INSTRUCTIONS TO FOLLOW: What you output must match, exactly, the lines from the start of the records to the line containing "MEXICO, Mexico City, bust", both ends kept and pictures excluded.

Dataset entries
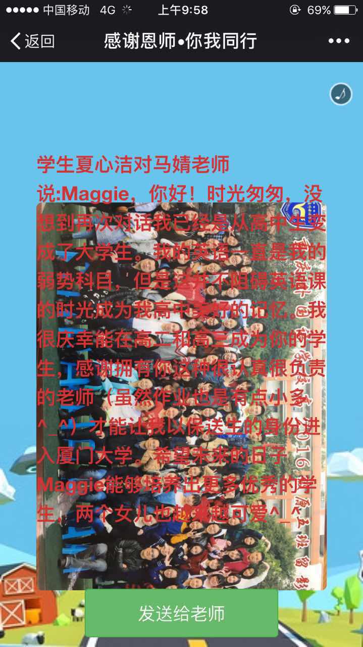其他队员们则选择了给老师发送电子贺卡的方式来表达自己的感恩之情。收到电子贺卡后,老师们非常高兴,并也和同学们聊起了天,关心大家现在的学习和生活。
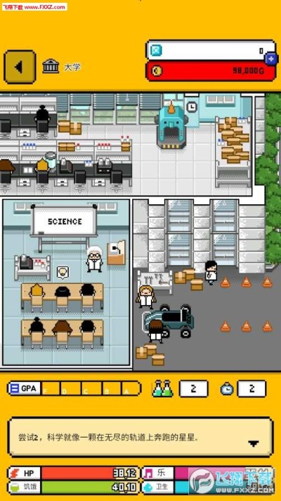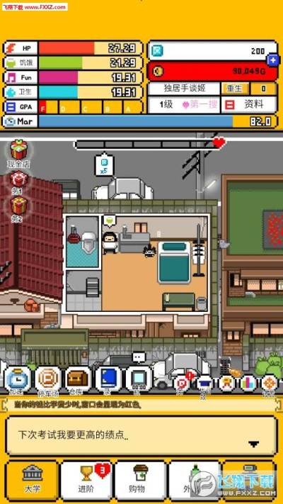 《五魁首我的留学生活2手游》是一款角色扮演类的游戏,经典游戏的续作,熟悉的像素风格,有趣的内容,赚取金币,保证角色的学业顺利完成,帮助角色顺利毕业,更多精彩内容等你来体验,赶快下载吧!
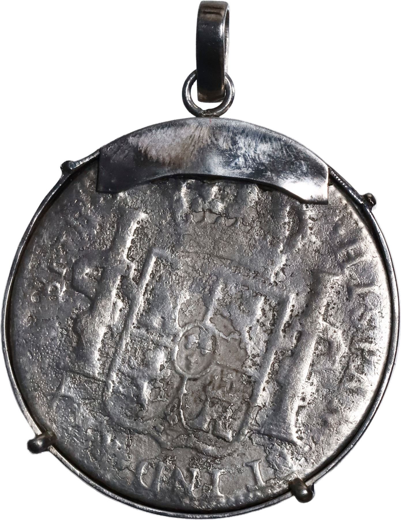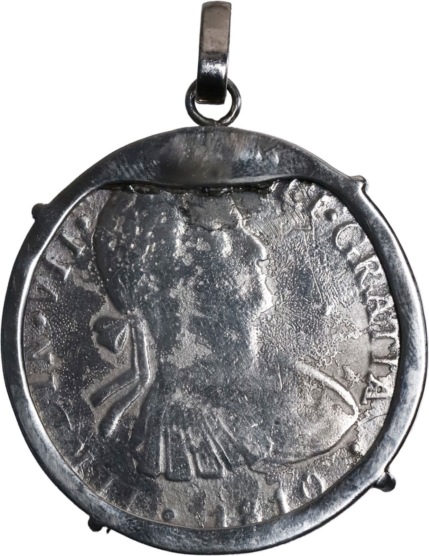 MEXICO, Mexico City, bust 8 reales, Ferdinand VII transitional ("armored" bust), 1810 HJ, ex-"1810 wreck," mounted bust-side out in silver bezel with ring bail. 25.50 grams total. About XF with moderate surface corrosion, clear date. With Cobb Coin Co. (Fisher) tag and photo-certificate 21754.
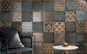 04. I colori e i pattern grafici della serie Materic (cm 20×20), di Elios Ceramica, reinventano la consistenza dei rivestimenti effetto cotto ricreando sulla superficie le imprevedibili discontinuità cromatiche tipiche della lavorazione artigianale.
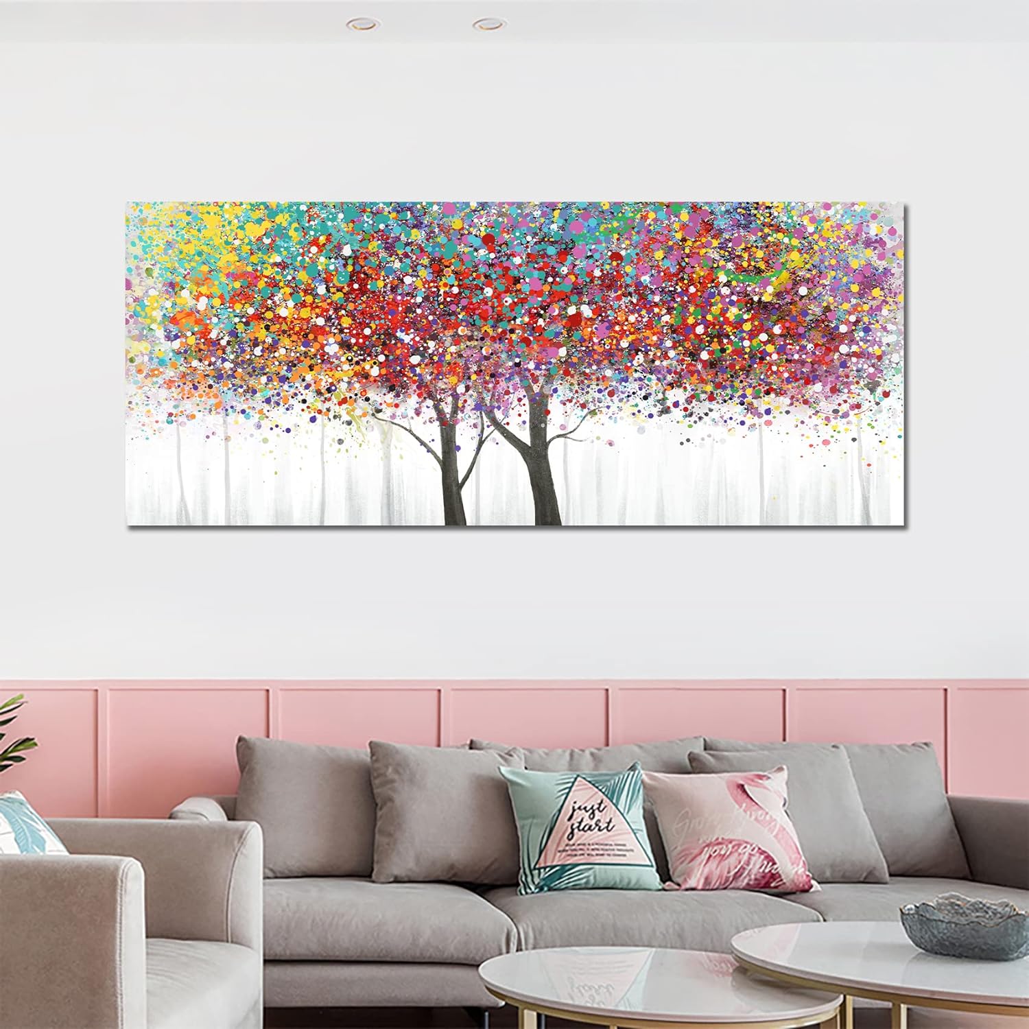 Bunter Baum des Lebens Mit Rahmen Leinwand Bilder Landschaft Leinwand Malerei Gemälde Poster Foto Bi
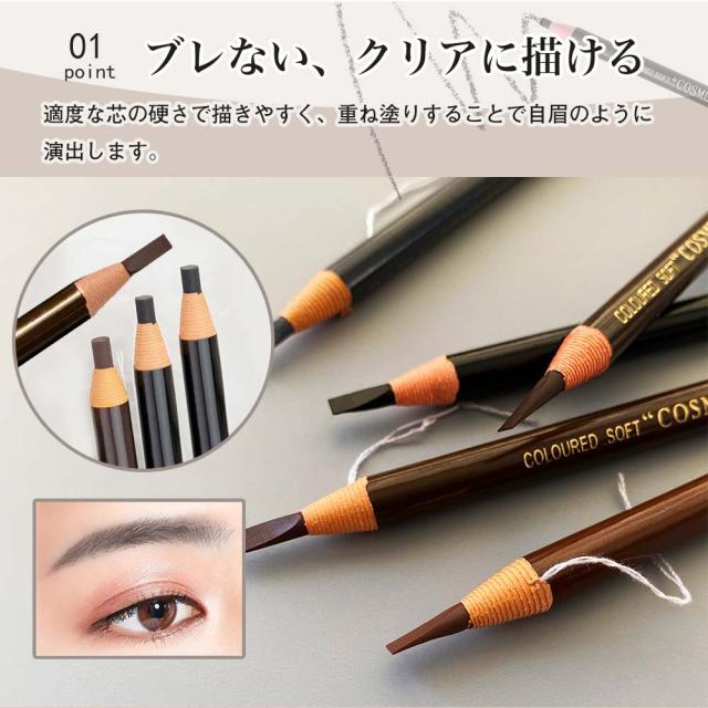 アイブロウ ペンシル 鉛筆 3点セット ピールオフ式 消えない 落ちない 描きやすい 長持ち 防水 初心者 眉ペンシル 眉ティント アイメイク 女性 男性
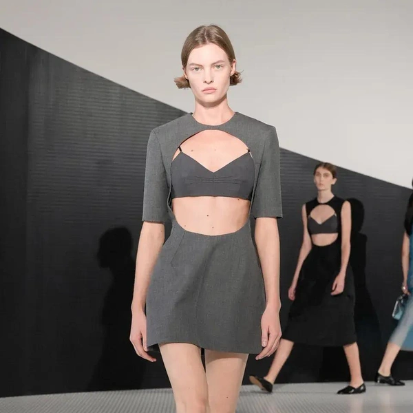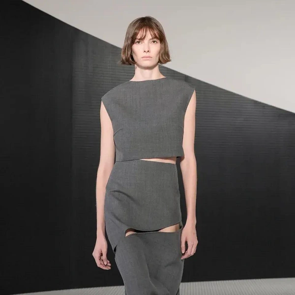 Главная идея коллекции — показать тело. Диагональные прорези на рубашках и юбках, разрезы на брюках, «иллюминаторы» на платьях создавали эффект откровенности в рамках строгого минимализма. Добавились воротники, текстурные вставки и слоистые ткани — простота нарастила объем.
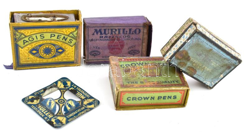 4 db régi papírdoboz (Popper Ernő Monor, Murillo, Crown Pens, Agis Pen... https://www.darabanth.com/de/455-Fernauktion/455.0/Kunst-Dokumente-andere-Sammelgebiete/Flohmarkt~500014/4-db-regi-papirdoboz-Popper-Erno-Monor-Murillo-Crown-Pens-Agis-Pens-bennuk-kulonfele~II3033028

SOLVED PROBLEM:
其他队员们则选择了给老师发送电子贺卡的方式来表达自己的感恩之情。收到电子贺卡后,老师们非常高兴,并也和同学们聊起了天,关心大家现在的学习和生活。
 《五魁首我的留学生活2手游》是一款角色扮演类的游戏,经典游戏的续作,熟悉的像素风格,有趣的内容,赚取金币,保证角色的学业顺利完成,帮助角色顺利毕业,更多精彩内容等你来体验,赶快下载吧!
 MEXICO, Mexico City, bust 8 reales, Ferdinand VII transitional ("armored" bust), 1810 HJ, ex-"1810 wreck," mounted bust-side out in silver bezel with ring bail. 25.50 grams total. About XF with moderate surface corrosion, clear date. With Cobb Coin Co. (Fisher) tag and photo-certificate 21754.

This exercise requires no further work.